EXERCISE DATA:
━━━━━━━━━━━━━━━━━━━━━━━━━━━━━━

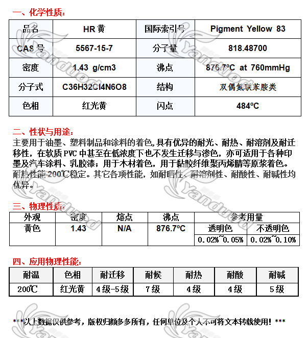 有机颜料 [编码] 3220 [索引号] 83# [规格] 25公斤/包 [耐温度] 200度 [色相] 红光黄 [产地] 中国 [生产商] 常州北美
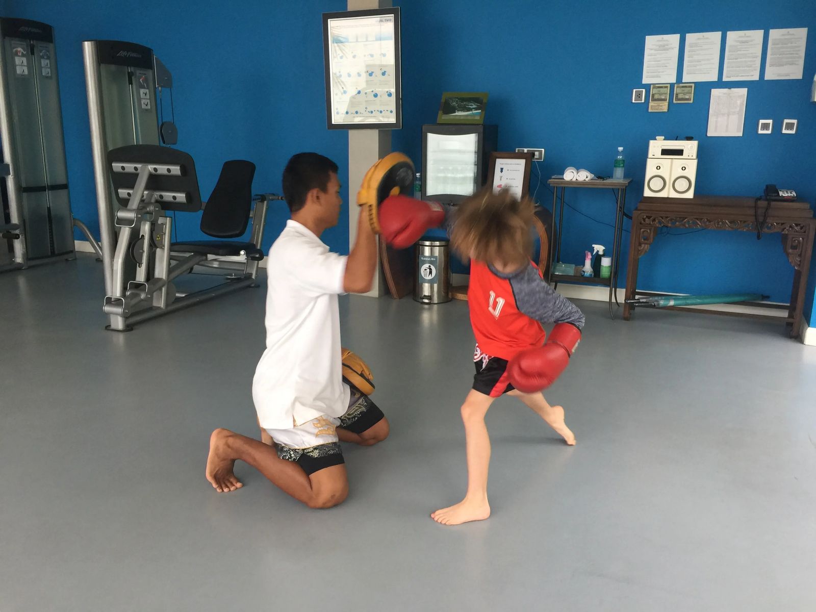 Isaac tried Thai boxing on a rainy day!
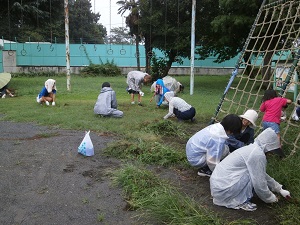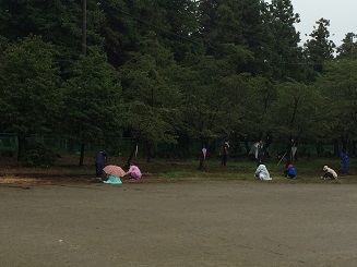 8月20日(土)小雨の中での実施となりましたが、早朝から、たくさんの保護者と児童のみなさんに集まっていただき、奉仕作業が行われました。
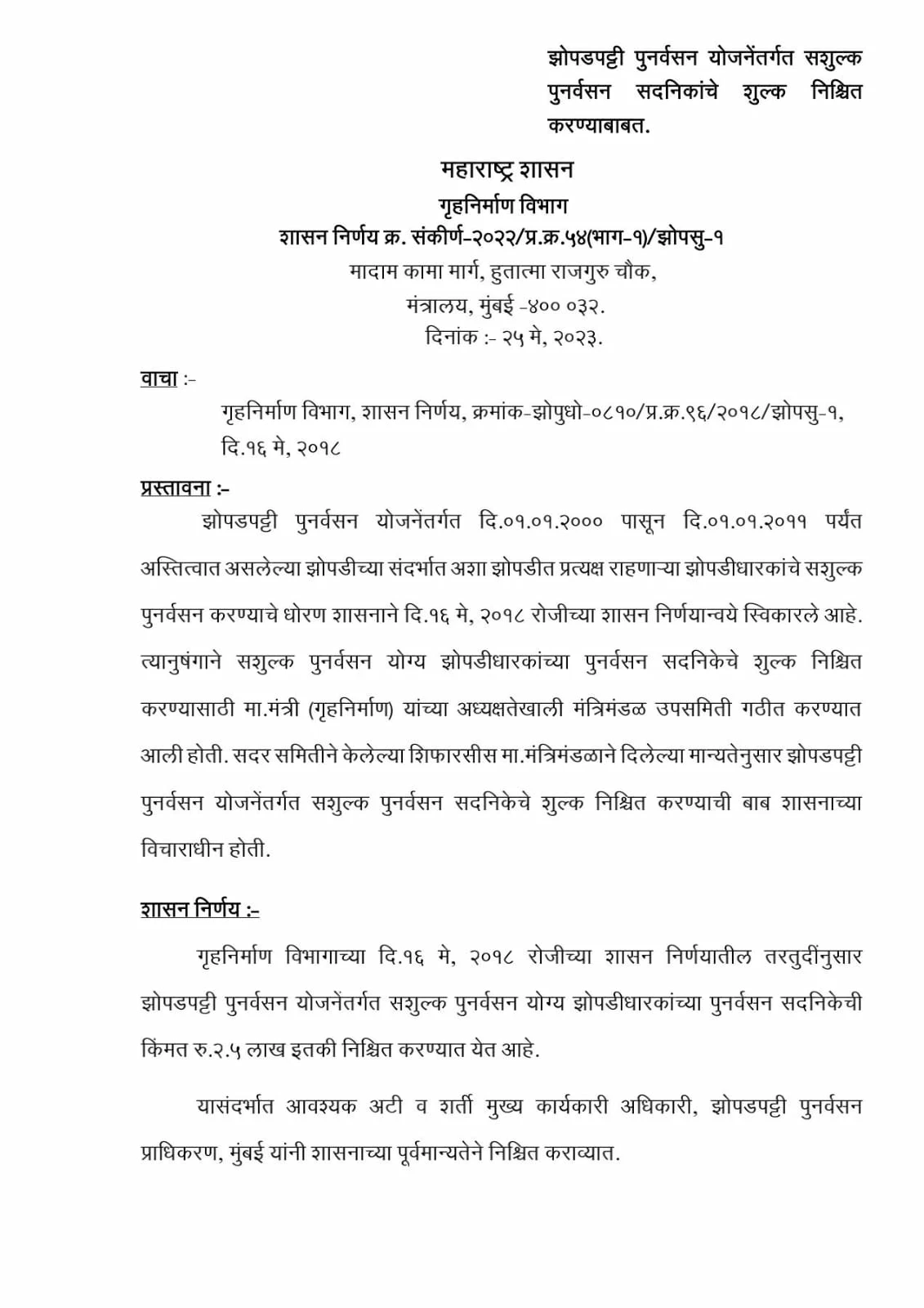 राज्य सरकार ने 2000 से 2011 तक झुग्गी झोपड़ी मे रहनेवालो को भी SRA स्किम के तहत घर देने का फैसला किया है। इस हालांकी इसके लिए झोपड़पट्टी धारको को एक शुल्क भरना होगा। सरकार ने सशुल्क पुर्नविकास की निती को मंजूरी दे दी है। (Mumbai Slum dwellers will also get houses in SRA from 2000 to 2011)

━━━━━━━━━━━━━━━━━━━━━━━━━━━━━━

WHAT YOU ARE ASKED TO DO: Starting at the line that holds "8月20日(土)小雨の中での", repeat every line through the end of the listing exactly as written, skipping any picture.

OUTPUT FOR THIS TASK:
 8月20日(土)小雨の中での実施となりましたが、早朝から、たくさんの保護者と児童のみなさんに集まっていただき、奉仕作業が行われました。
 राज्य सरकार ने 2000 से 2011 तक झुग्गी झोपड़ी मे रहनेवालो को भी SRA स्किम के तहत घर देने का फैसला किया है। इस हालांकी इसके लिए झोपड़पट्टी धारको को एक शुल्क भरना होगा। सरकार ने सशुल्क पुर्नविकास की निती को मंजूरी दे दी है। (Mumbai Slum dwellers will also get houses in SRA from 2000 to 2011)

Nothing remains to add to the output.